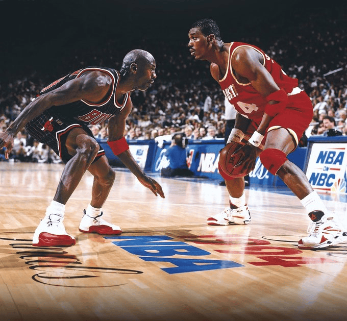 美媒fliff曬出喬丹和奧拉朱旺的旺美晚照片,并調侃道:“這是媒調今晚的亞歷山大vs申京。”
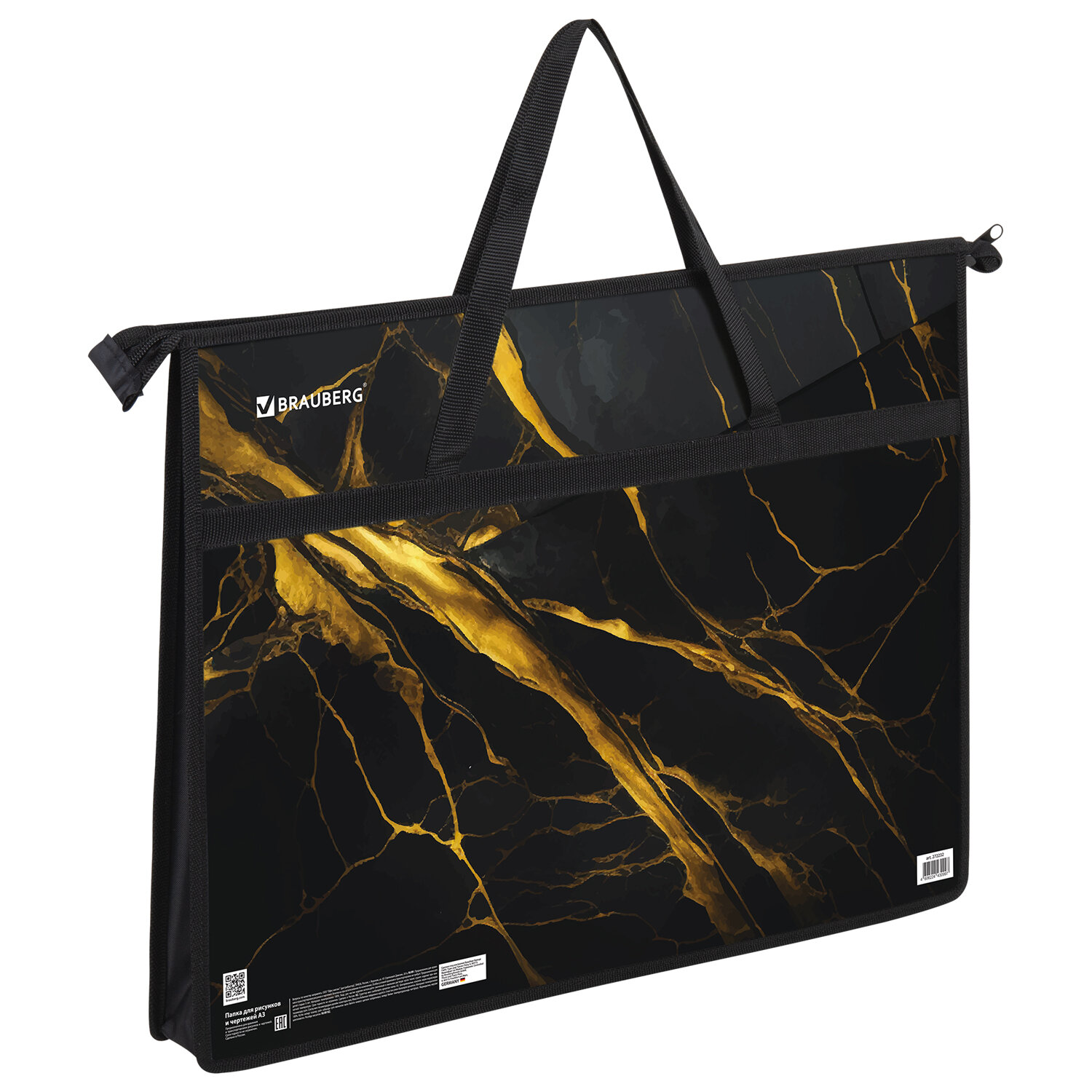Папка для рисунков и чертежей с ручками BRAUBERG А3, пластик, молния сверху, "Black&gold marble" Код товара: 272232 393,03 ₽ Купить Производитель:BRAUBERG Папка BRAUBERG "Black & gold marble" предназначена для хранения чертежей, рисунков и других художественных изображений. Практичная папка на молнии с ручками защитит чертежи, рисунки и другие художественные изображения формата А3 от смятия и повреждений. Изготовлена из износостойкого пластика, боковины выполнены из прочного полиэстера. Яркая и чёткая печать дизайна нанесена с двух сторон. Размер папки – 340х465 мм, ширина – 50 мм. Широкий формат позволяет разместить внутри канцелярские принадлежности для творчества. Папка оснащена удобной застёжкой-молнией сверху. Прочные ручки, изготовленные из тесьмы и надёжно прикреплённые к папке, обеспечивают комфортную переноску даже при большой нагрузке. Индивидуальная упаковка (полиэтиленовый пакет с европодвесом) защищает товар при транспортировке и позволяет удобно разместить его для покупателей.Производство: РоссияФормат: А3Серия: DESIGNЗастежка: молнияМатериал: пластикКоличество отделений: 1Наличие ручки: даДизайн: Black & gold marbleЦвет: черныйВысота: 340 ммШирина: 465 ммГлубина: 50 ммУпаковка: пакет с европодвесомВес: 249 грРазмер упаковки: 1.8 × 50.4 × 35.2 смОбъём: 0.0015 м3Промежуточная упаковка: 25 штТранспортная упаковка: 25 штШтрих-код: 4606224430997 Файлы Сертификат-1.jpg Сертификат-2.jpg Сертификат-3.jpg Сертификат-4.jpg
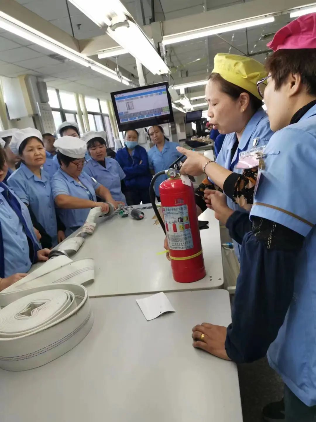 在車(chē)間里,利用開(kāi)晨會(huì)的時(shí)間,每個(gè)小組由組長(zhǎng)培訓(xùn),如何正確使用水槍及滅火器,并且讓員工參與到培訓(xùn)中。通過(guò)手把手的培訓(xùn),以及實(shí)操,讓每個(gè)員工對(duì)水槍及滅火器的使用熟練掌握。
☆ ☆ ☆
[Your goal]: The complete material, set down exactly and stripped of pictures, is the expected response.

[Response below]:
 美媒fliff曬出喬丹和奧拉朱旺的旺美晚照片,并調侃道:“這是媒調今晚的亞歷山大vs申京。”
Папка для рисунков и чертежей с ручками BRAUBERG А3, пластик, молния сверху, "Black&gold marble" Код товара: 272232 393,03 ₽ Купить Производитель:BRAUBERG Папка BRAUBERG "Black & gold marble" предназначена для хранения чертежей, рисунков и других художественных изображений. Практичная папка на молнии с ручками защитит чертежи, рисунки и другие художественные изображения формата А3 от смятия и повреждений. Изготовлена из износостойкого пластика, боковины выполнены из прочного полиэстера. Яркая и чёткая печать дизайна нанесена с двух сторон. Размер папки – 340х465 мм, ширина – 50 мм. Широкий формат позволяет разместить внутри канцелярские принадлежности для творчества. Папка оснащена удобной застёжкой-молнией сверху. Прочные ручки, изготовленные из тесьмы и надёжно прикреплённые к папке, обеспечивают комфортную переноску даже при большой нагрузке. Индивидуальная упаковка (полиэтиленовый пакет с европодвесом) защищает товар при транспортировке и позволяет удобно разместить его для покупателей.Производство: РоссияФормат: А3Серия: DESIGNЗастежка: молнияМатериал: пластикКоличество отделений: 1Наличие ручки: даДизайн: Black & gold marbleЦвет: черныйВысота: 340 ммШирина: 465 ммГлубина: 50 ммУпаковка: пакет с европодвесомВес: 249 грРазмер упаковки: 1.8 × 50.4 × 35.2 смОбъём: 0.0015 м3Промежуточная упаковка: 25 штТранспортная упаковка: 25 штШтрих-код: 4606224430997 Файлы Сертификат-1.jpg Сертификат-2.jpg Сертификат-3.jpg Сертификат-4.jpg
 在車(chē)間里,利用開(kāi)晨會(huì)的時(shí)間,每個(gè)小組由組長(zhǎng)培訓(xùn),如何正確使用水槍及滅火器,并且讓員工參與到培訓(xùn)中。通過(guò)手把手的培訓(xùn),以及實(shí)操,讓每個(gè)員工對(duì)水槍及滅火器的使用熟練掌握。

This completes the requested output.